The apparatus may further include an up-and-down moving unit installed between the movable structure and the transverse operation unit and supporting the transverse operation unit in a vertical direction relative to the movable structure.

In addition, it is preferable that the movable structural body includes a pair of support frames which are erected to face each other along a transverse direction of the work area, and whose upper ends are transversely connected by the transverse operation parts.

The expanding and contracting means includes a plurality of links successively arranged in an x-shape to form a link body; A plurality of fasteners vertically connecting the links; And a plurality of transverse bars connecting the link members back and forth at intervals so as to form a pair.
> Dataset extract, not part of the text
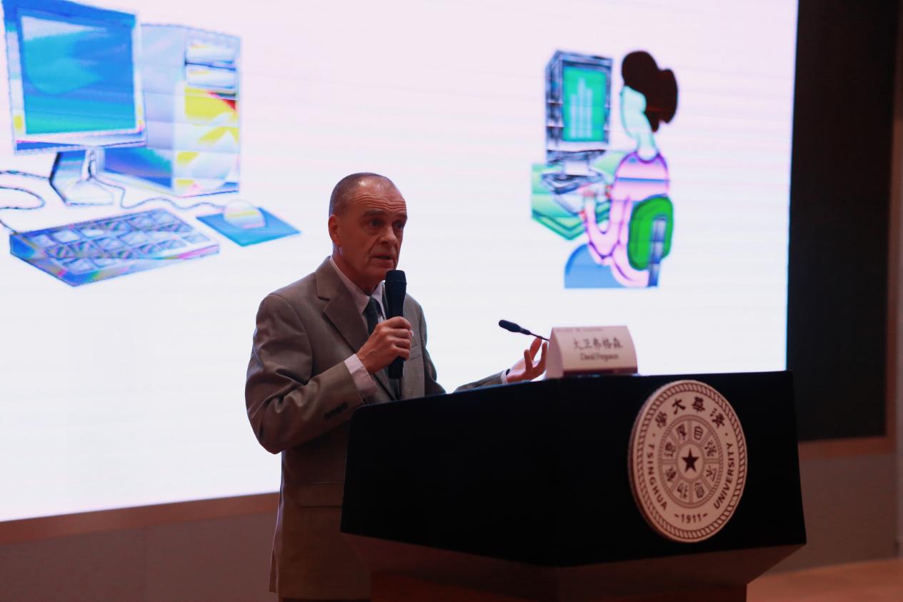 清华新闻网11月18日电 当今中国,加强国际传播能力建设,提高国际话语权,向国际社会讲好中国故事至关重要。11月11日下午,中国外文局外文出版社荣誉英文主编、《习近平谈治国理政》一至四卷英文版英译文编辑大卫·弗格森(David Ferguson)作为嘉宾,就“Telling China's Story to an International Audience”(向国际社会讲好中国故事)主题为清华师生作专题讲座。本次讲座共吸引近200名师生报名参加。

The rolling / tilting preventing means may include a rolling / tilting preventing means for simultaneously suppressing vertical and horizontal rotation of the lower end portion provided with the tool portion, wherein the rolling / tilting preventing means includes a pair of laterally adjacent links A pair of auxiliary links arranged side by side so as to resemble the pair of links; A plurality of auxiliary fasteners connecting one end of each of the auxiliary links to each corresponding link and connecting the other end to each other; A restraining pin protruding into the pair of auxiliary links coaxially with a central auxiliary fastener connecting the other ends of the pair of auxiliary links among the plurality of auxiliary fasteners; And a guide rod extending from one side of the barrel adjacent to the pair of links to pass through the slide hole of the restraining pin.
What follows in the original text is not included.